Wie steht es denn um Sie selbst? Sie sind in Nigeria ein bekannter Atheist und Sie leiten die Kampagne zur Befreiung von Mubarak Bala #FreeMubarakBala. Haben Sie keine Angst, dass Sie der Nächste sein könnten, der verhaftet wird?

Genau darum kämpfe ich ja für die Befreiung von Mubarak Bala. Freiheit für Mubarak Bala bedeutet auch Freiheit für mich. Ich tue zurzeit alles, um für die bedingungslose Freilassung von Bala zu sorgen, weil ich weiß, einige von uns wären die Nächsten, wenn es den Extremisten gelingt, mit Bala das zu machen, was sie angedroht haben. Ihr Ziel ist es nicht nur, Mubarak Bala zum Schweigen zu bringen, sondern einen Schlag gegen die atheistische Bewegung zu führen. Ich weiß, dass ich jederzeit verhaftet werden könnte. Aber wenn meine Verhaftung dazu führt, dass alle Atheisten in Nigeria sich frei bewegen können und würdevoll behandelt werden, dann sollen sie kommen und mich verhaften. Ich würde diesen Preis gern zahlen. Ich würde dieses Opfer bringen. Die Unterdrückung und Verfolgung von Atheisten hält schon zu lange an. Ich hoffe, Mubarak Balas Fall wird zu einem Wendepunkt, was die Situation der Atheisten betrifft.

Gibt es irgendetwas, das andere Ländern tun können, um dabei zu helfen, Bala und die Atheisten in Nigeria zu schützen?

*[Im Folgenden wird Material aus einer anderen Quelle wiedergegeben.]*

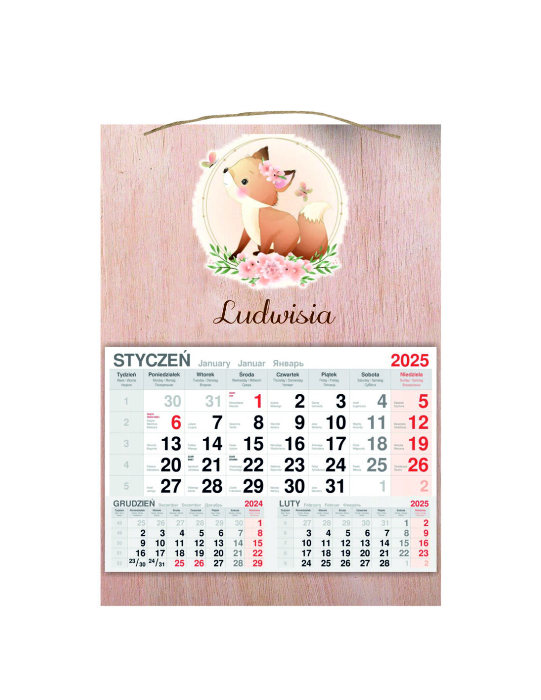 KALENDARZ wiszący 2025 jednodzielny DREWNIANY prezent dla dziecka z imieniem
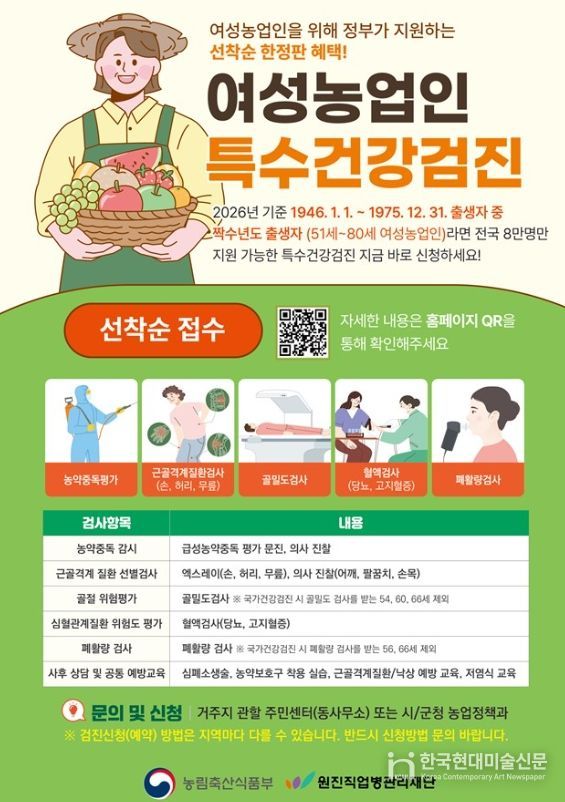 한국현대미술신문 정소영 기자 | 기장군은 여성농업인의 건강 증진과 복지 향상을 위해 ‘2026년 여성농업인 특수건강검진 지원사업’을 본격 추진한다고 22일 밝혔다.

Andere Länder sollten den Staat Nigeria deutlich darauf hinweisen, dass seine Beihilfe bei der Verfolgung von Atheisten, der nicht-religiösen Minderheit, Konsequenzen hat. Dass dafür ein Preis zu zahlen ist. Die Länder sollten Nigeria mitteilen, dass es internationale Gelder und Ansehen verliert, wenn es weiterhin die staatliche Verfolgung von Atheisten und Freidenkern erlaubt. Dass Nigeria die Pflicht hat, die Atheisten und Freidenker unter ihren Bürgern zu beschützen. Und dass es für Nigeria von Vorteil wäre, wenn das Land endlich beginnen würde, die Rechte von Atheisten als Menschenrechte anzuerkennen.

Das Interview wurde auf Englisch geführt. Interview und Übersetzung: Daniela Wakonigg.